User can now click on Refresh All button in Data tab (1). Tables in unprotected sheets would refresh, and tables in protected sheet would just reflect those results.

MsgBox without VBA

We said that synchronised queries would take longer to execute, so we will avoid VBA. Question is how to create MsgBox at the end of refreshing that would inform user that refreshing is over. The only way to create message in Power Query is by using “error” statement. We have to make sure that “error” statement happens at the end of refreshing when all individual queries are finished.

We can create a query like the one bellow. This query is referencing all other queries. This means that the query bellow has to be executed the last. At the end of refreshing, this query will show user the message that is written in Error.Record. This query has to be loaded into spreadsheet in order to work correctly.
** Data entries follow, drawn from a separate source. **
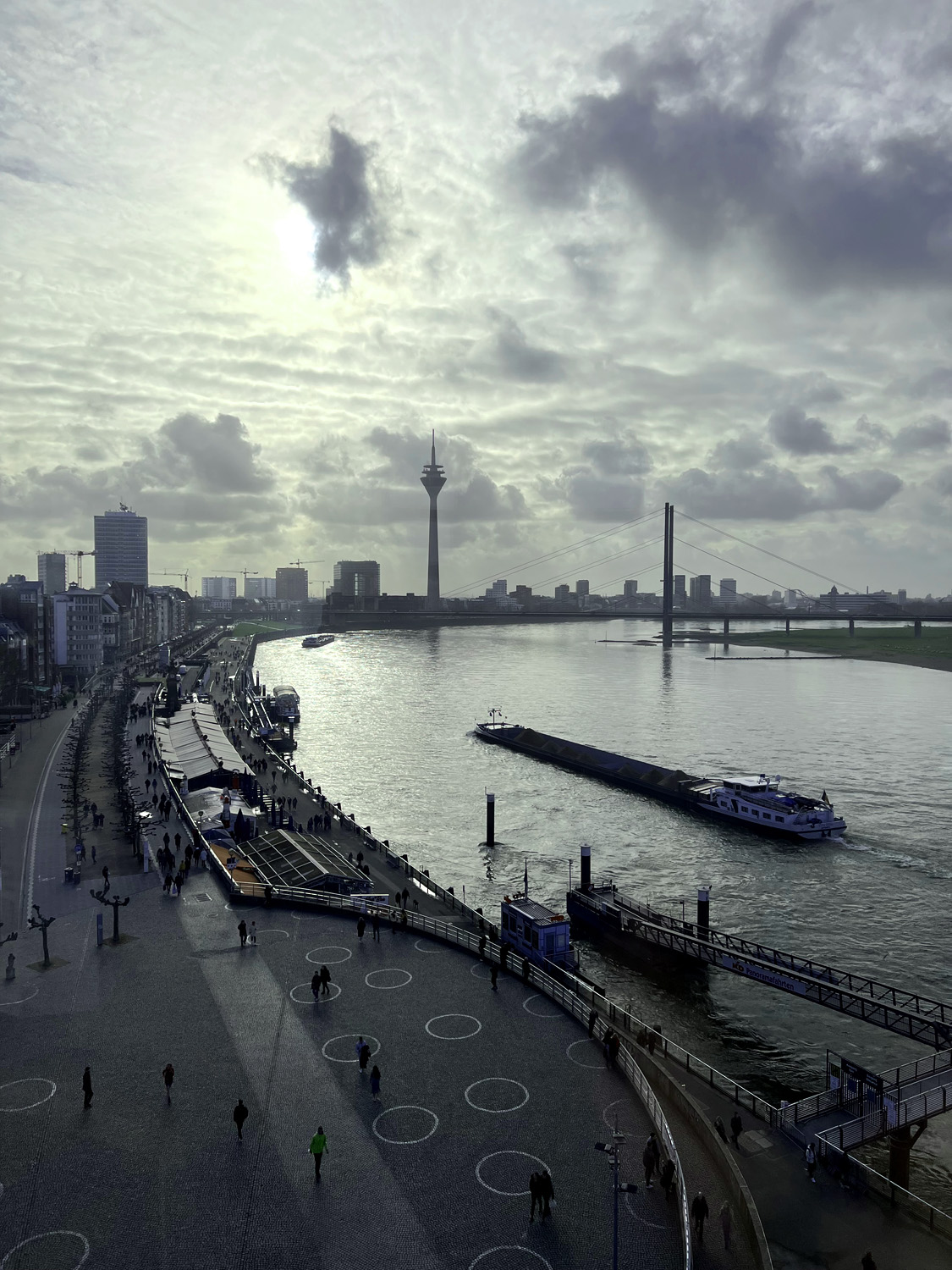 Düsseldorfer Rheinufer gegen Südosten von der Laterne des Schlossturmes aus gesehen, Fotografie RW, Anfang Februar 2023
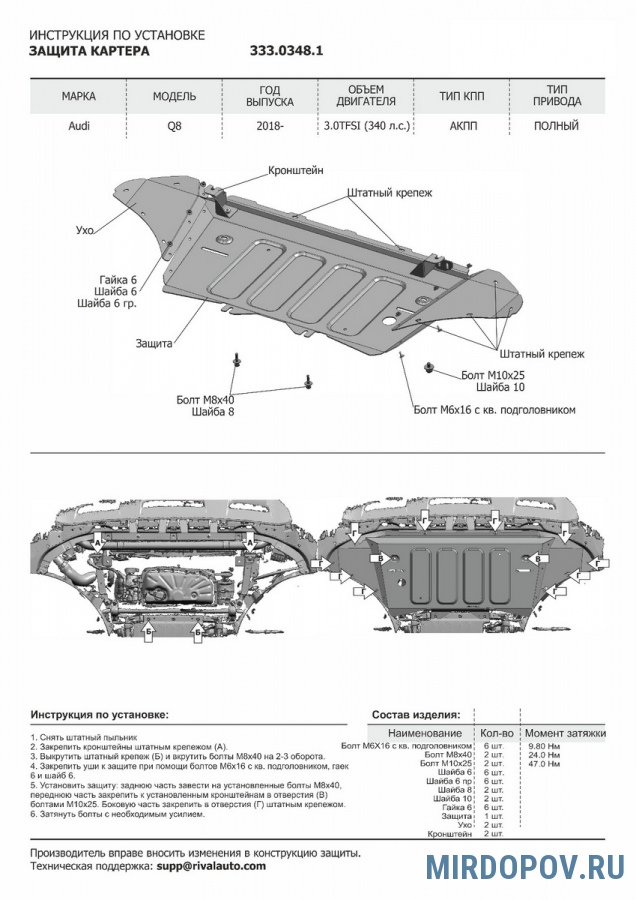 Алюминиевые защиты картера Rival надежно защищают днище вашего автомобиля от повреждений при наезде на бордюры, а также выполняют эстетическую функцию при установке на высокие автомобили.
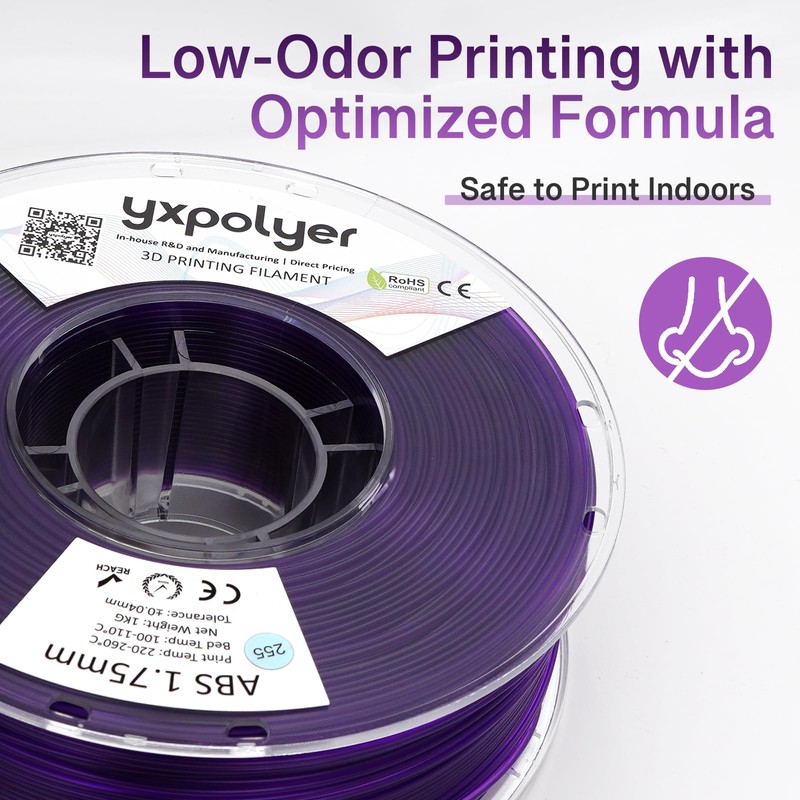 - Low-Odor ABS Material: Made from high-quality ABS with a custom low-odor formula. Ideal for indoor printing without strong fumes.
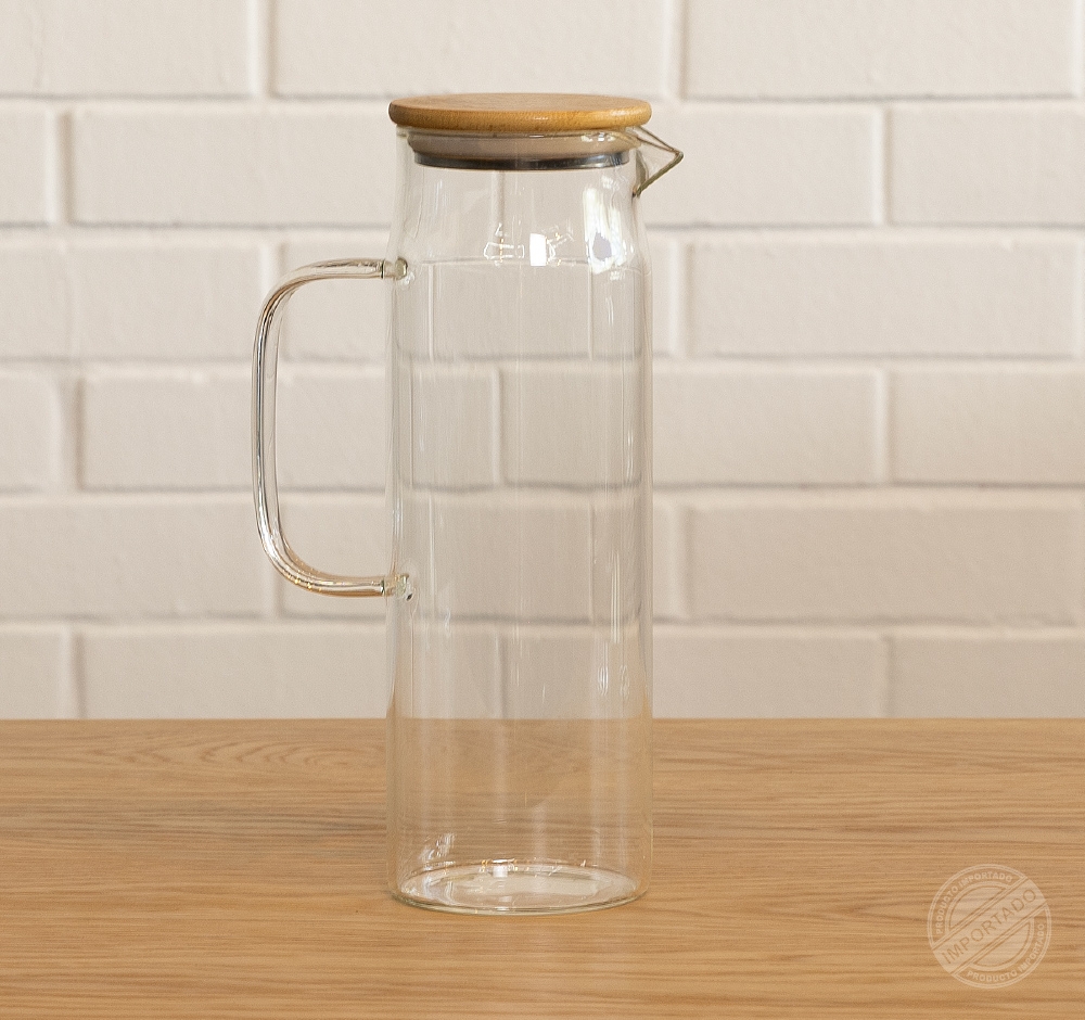 Jarra de vidrio 1200ml para bebidas con tapa de bambú y sello Ref 14526
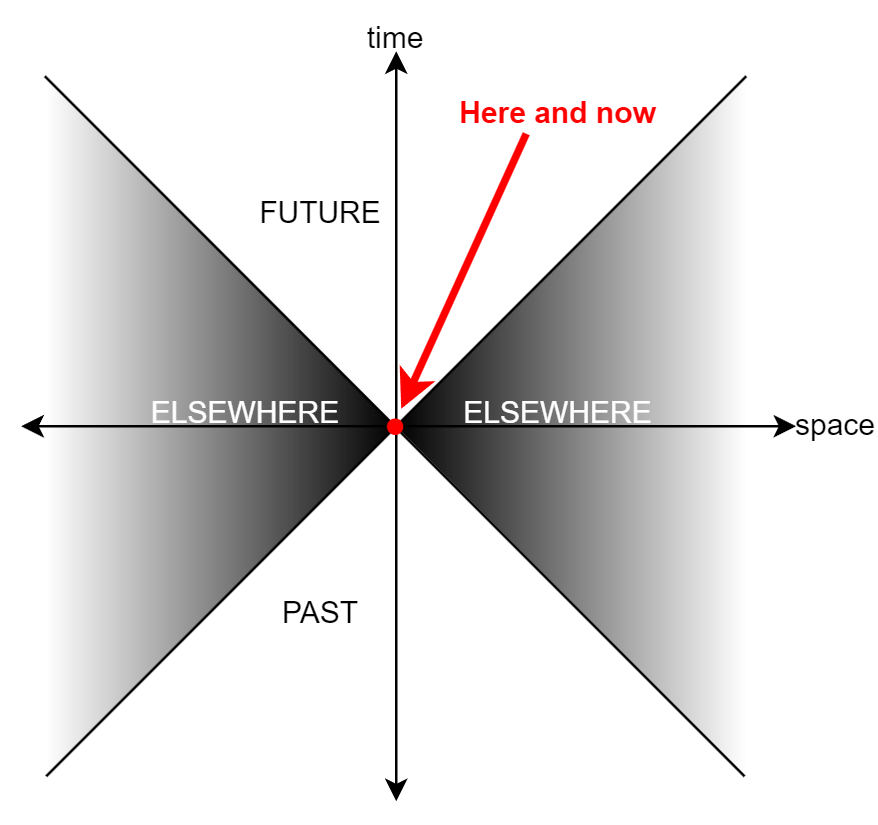 These two diagonal lines represent the speed of light as a relationship between time and distance and define your light cone. The bottom of the cone is the visible past, and the top of the cone is all the times and places you could possibly be in or affect in the future. Outside the light cone there can be no causal interaction. This region of spacetime is simply known as “elsewhere.” It is not possible to travel to, see, or affect “elsewhere.”
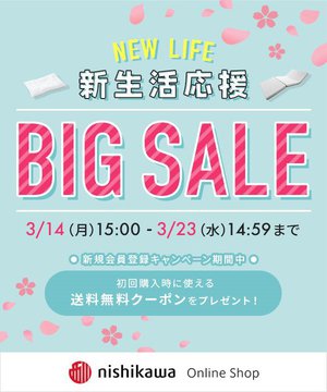 寝具メーカー西川株式会社は、対象商品が特別価格で購入できる「新生活応援ビッグセール」を実施中だ。期間は明日3月23日 14時59分まで。

  Result = if { FactSales1, FactSales2, FactSales3, FactSales4 } = { "A","A","A","A" } 
    then "A" else error Error.Record( "Finished", "Refreshing is over." )

We can see bellow that the final query is dependent on all other queries (1). This MsgBox query will never load any data into spreadsheet, so its footprint will be like (2). This query will show us a message that looks like (3) after all other queries are refreshed.

Sample files can be downloaded from here. File “ContosoSales1.accdb” should be copied three more times to create files “ContosoSales2.accdb”, “ContosoSales3.accdb”, “ContosoSales4.accdb”. In “Parameters” Excel sheet, change fullpaths toward those MS Access files.